That's the risk when buying in a hurricane-prone area.


----------



## Talent312 (Sep 7, 2017)

I just hope my TS on Hutchinson Island (PBC-Indian River Plantation), Florida, is still useable.
This HGVC affiliate is a nice source of points.


----------



## VacationForever (Sep 7, 2017)

Just received this from II this afternoon.  I could not find a tab for Travel Advisory.

To Our Valued Members:


Your upcoming vacation through Interval International is confirmed for an area which may be impacted by Hurricane Irma.  Updates on resorts with known closures will be posted on intervalworld.com under Travel Advisories.  However, resorts not listed on the Travel Advisory page may also determine they must shut down their properties based on rapidly changing local weather conditions prior to or during your stay at the property. 


Interval recommends that you contact the resort to which you are confirmed before you leave for your vacation.  In addition to the operational status of a resort both before and after a storm, members should consider the impact on the overall destination, as well as the availability of gas, food, and other critical supplies as part of their decision-making process. 


If you determine that you wish to cancel your confirmation, or if you are advised by Interval or the property that the resort is unavailable, please take one of the following steps. 



*If you purchased resort accommodation insurance from Interval* for your exchange or Getaway booking, you should contact *Allianz Global Assistance at 1-888-427-5047 to discuss your options*.
 


*If you did not purchase resort accommodation insurance*, you may contact *Interval at 1-800-468-3782 *or your resort's dedicated Interval phone number. Any of our agents can provide you with assistance and/or information on your options. 

While our representatives work closely with affiliated resorts to obtain information as soon as it becomes available about resort status, we want to ensure that you are aware of the conditions in the destination to which you’re travelling and take appropriate action to make sure that you’re safe.   


Sincerely,



*Interval International*


----------



## ThreeLittleBirds (Sep 7, 2017)

I may make this in several posts, but as an overview. I have very dear friends that live(d) on their boat in St. Martin. The wife (A) and kids happened to be in Chicago when Irma started emerging and cancelled their flight back. The husband (J) stayed, secured the boat, and found shelter with friends.

A has had limited contact with J because there is no power on the entire island and he is trying to conserve cell phone battery. Also, their calls often get cut off. 
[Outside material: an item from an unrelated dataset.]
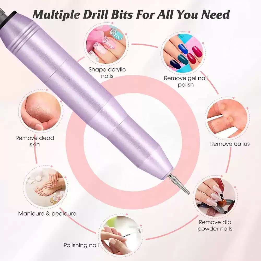 Drill Set: Includes multiple attachments for varied nail care needs.

J had a flight scheduled for tomorrow to go to NY then Chicago. He planned on walking from where he is staying on the Dutch side to the airport, which is quite a distance. Their boat is in a yard on the French side. Unfortunately, J's flight was cancelled a few hours ago. Due to airport damage, no one is sure when flights will go out, or more important, come in with vital supplies. Everyone is bracing for Jose, but not much more can be damaged. 
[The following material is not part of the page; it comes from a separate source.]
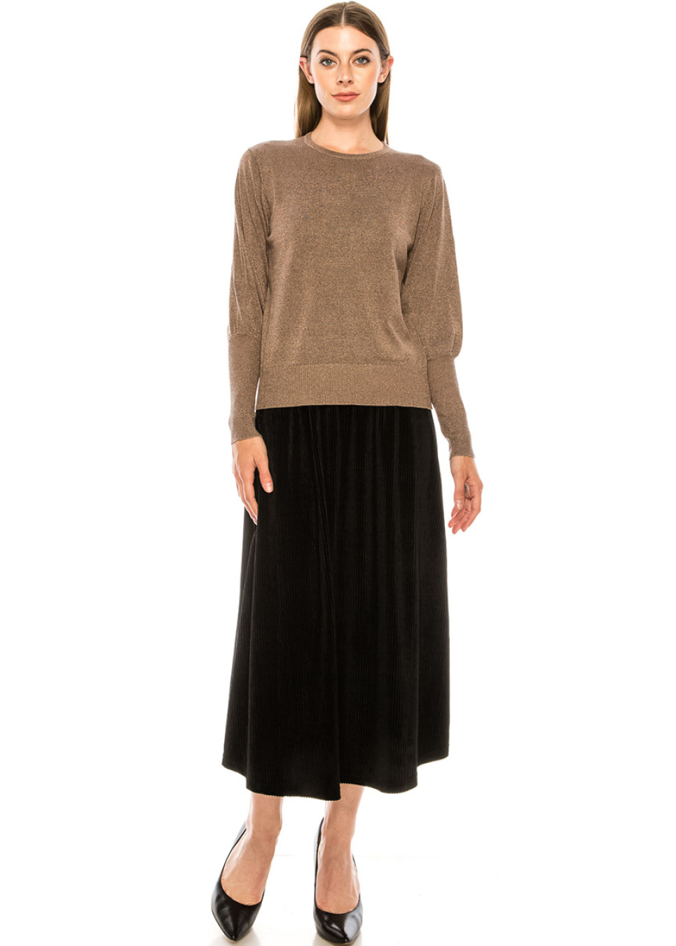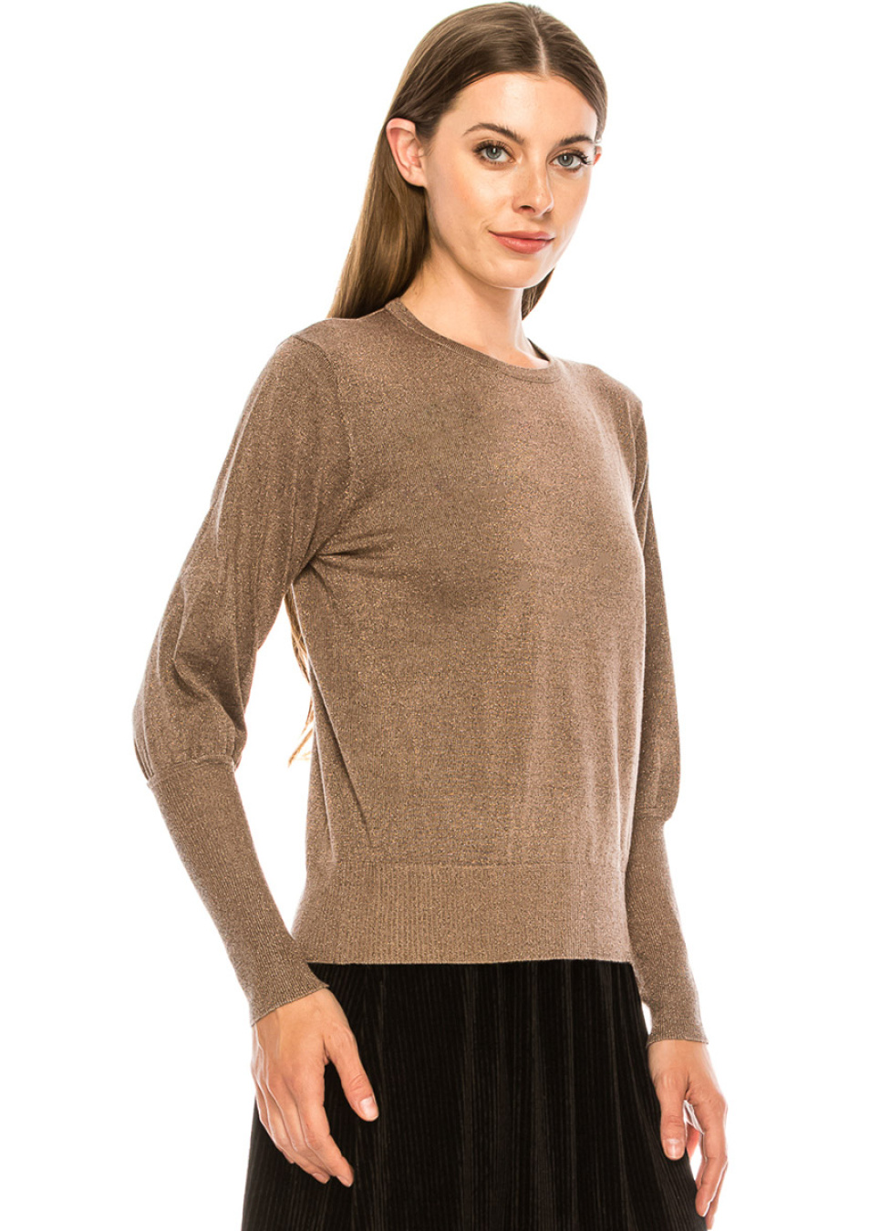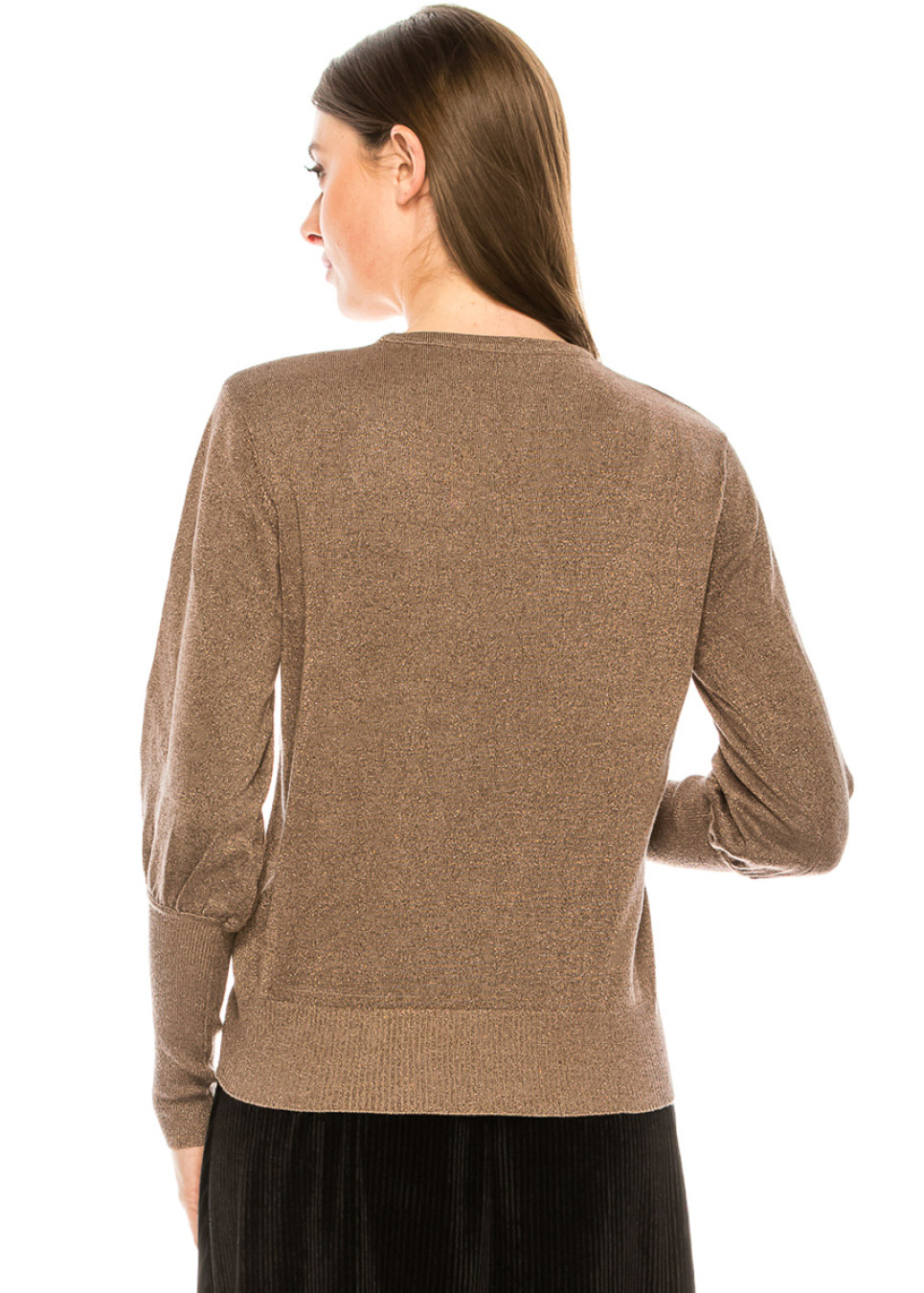 This classic sweater will blend beautifully with any element of your wardrobe. The elegant cut is complemented by the radiance of the rose lurex and high cuffs.

The house where J was staying lost its entire roof. One neighbor's house has a partial roof, and most are slept there last night to stay dry because it is still raining. They walked around today to assess damage, and most houses are completely destroyed, without a roof, or sustained substantial damage. J planned on walking to the boat yard to assess damage do their boat, and found that folks were very friendly about giving rides as long as roads were open. Amazingly, their boat had fallen over from the jack stands, had small fiberglass patches of damage, and one of the shrouds was missing. Even more amazing, their dinghy, which he filled with water (per A's suggestion) and tied to a nearby tree did not budge and had no damage. Most boats that were anchored in the water have sunk and many boats in the yards (theirs and others) are completely destroyed. 

Sadly, looting has begun. Right now, J only has a backpack with all of their valuables and a change of clothes. Even though their boat is relatively okay, it is subject to looting. 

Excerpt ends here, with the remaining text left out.